- _COLLECTED DATA_
==*==

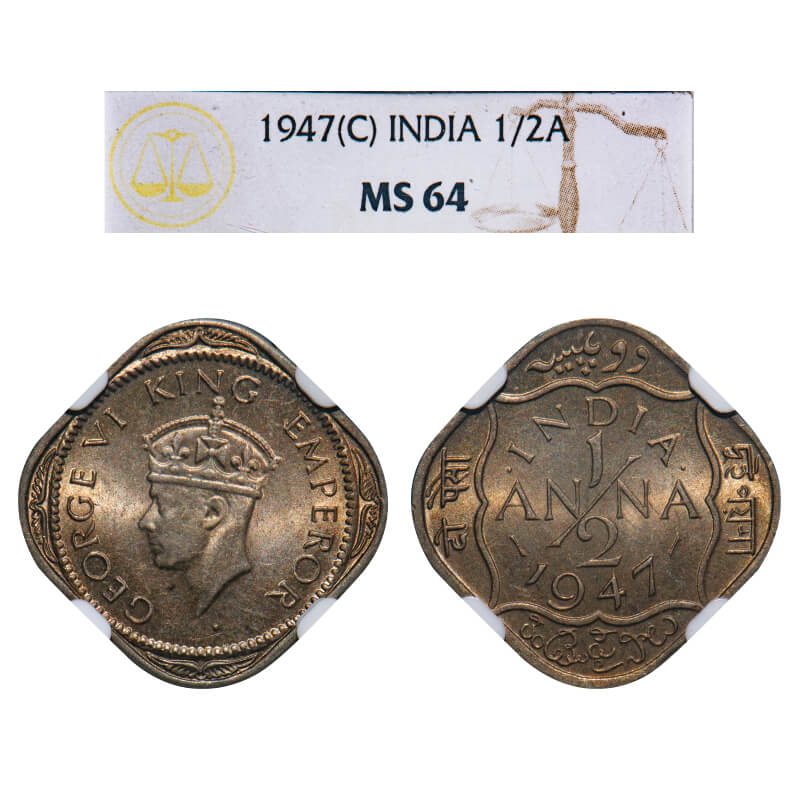 George VI, Copper-Nickel, 1/2 Anna, 1947, Calcutta Mint, Dots by India, Dashes by year. F. Prid 989. GK 1417. NGC Slabbed MS 64. Extremely Rare.
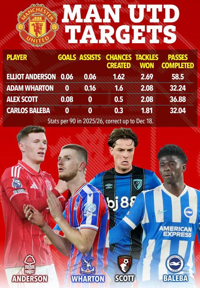 青训中场科比·梅诺和6000万欧元铁腰乌加特也面临着不确定的未来,所以曼联注定会在中场位置引援。
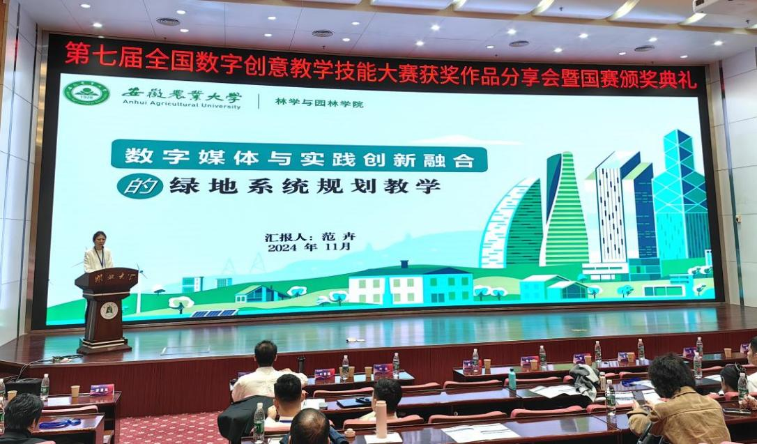 园林系孟艳琼老师提交的作品《园林花卉学-花镜种植设计》、范卉老师提交的作品《数字媒体与实践创新融合的绿地系统规划教学》,凭借独特的创意和卓越的教学效果,在众多参赛作品中脱颖而出,双双荣获国家级一等奖。两位老师在颁奖典礼上分享了获奖作品,介绍了在教学过程中如何将数字创意与专业知识相结合,以及如何通过创新的教学方法激发员工的学习兴趣和创造力,展现了yl6809永利检测中心yl6809永利检测中心的教学能力与教学特色。此外,园林系李莹莹老师的作品《景观生态学》获国家级三等奖,李若男老师的作品《园林道路工程设计》获省级一等奖。
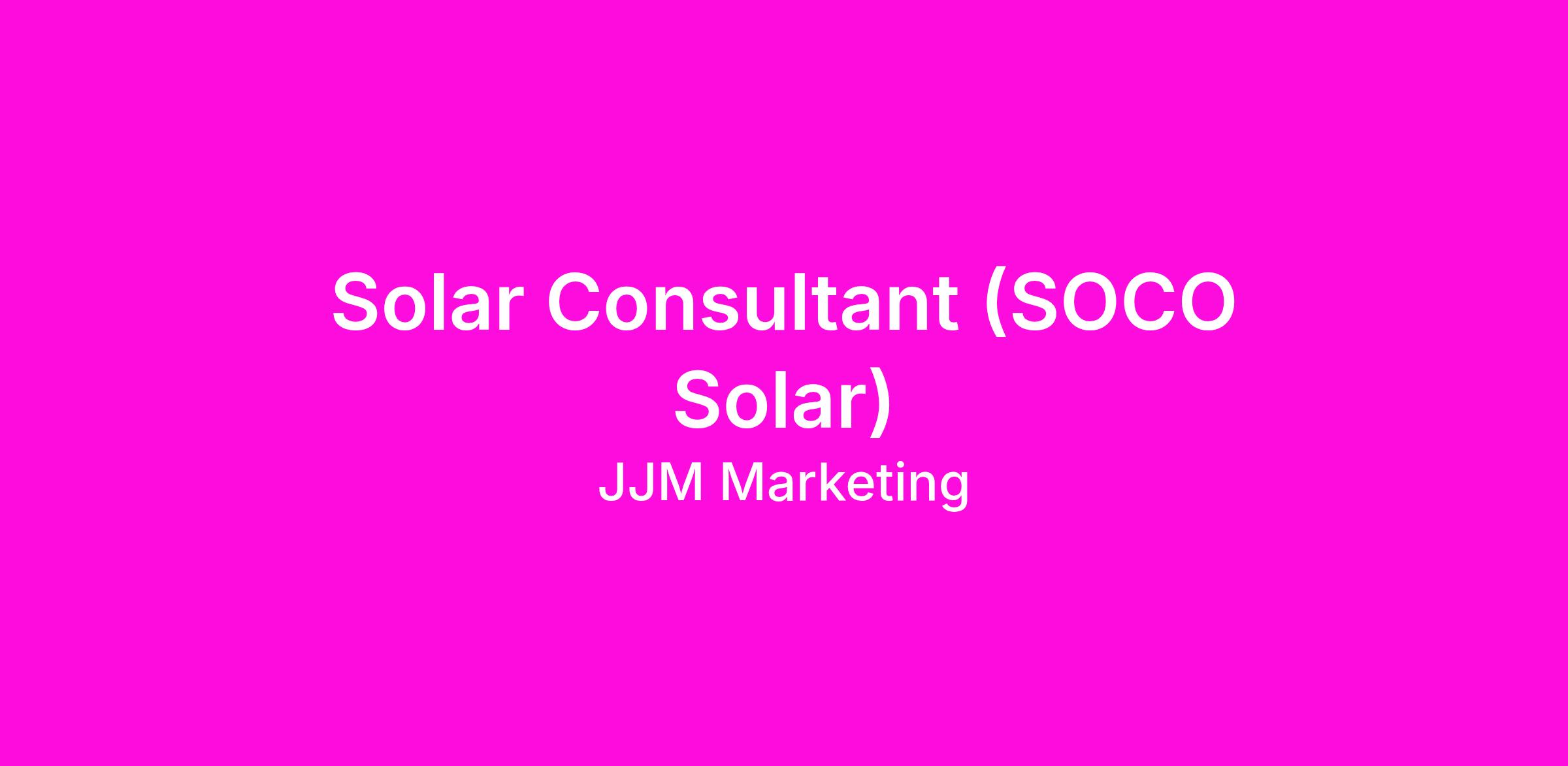 DescriptionJoin SOCO Solar as a Dedicated Solar Consultant!

==*==

- _INSTRUCTIONS TO FOLLOW_
Leave out the pictures, then return every line of the data exactly.

- _SOLUTION TO THE EXERCISE_
 George VI, Copper-Nickel, 1/2 Anna, 1947, Calcutta Mint, Dots by India, Dashes by year. F. Prid 989. GK 1417. NGC Slabbed MS 64. Extremely Rare.
 青训中场科比·梅诺和6000万欧元铁腰乌加特也面临着不确定的未来,所以曼联注定会在中场位置引援。
 园林系孟艳琼老师提交的作品《园林花卉学-花镜种植设计》、范卉老师提交的作品《数字媒体与实践创新融合的绿地系统规划教学》,凭借独特的创意和卓越的教学效果,在众多参赛作品中脱颖而出,双双荣获国家级一等奖。两位老师在颁奖典礼上分享了获奖作品,介绍了在教学过程中如何将数字创意与专业知识相结合,以及如何通过创新的教学方法激发员工的学习兴趣和创造力,展现了yl6809永利检测中心yl6809永利检测中心的教学能力与教学特色。此外,园林系李莹莹老师的作品《景观生态学》获国家级三等奖,李若男老师的作品《园林道路工程设计》获省级一等奖。
 DescriptionJoin SOCO Solar as a Dedicated Solar Consultant!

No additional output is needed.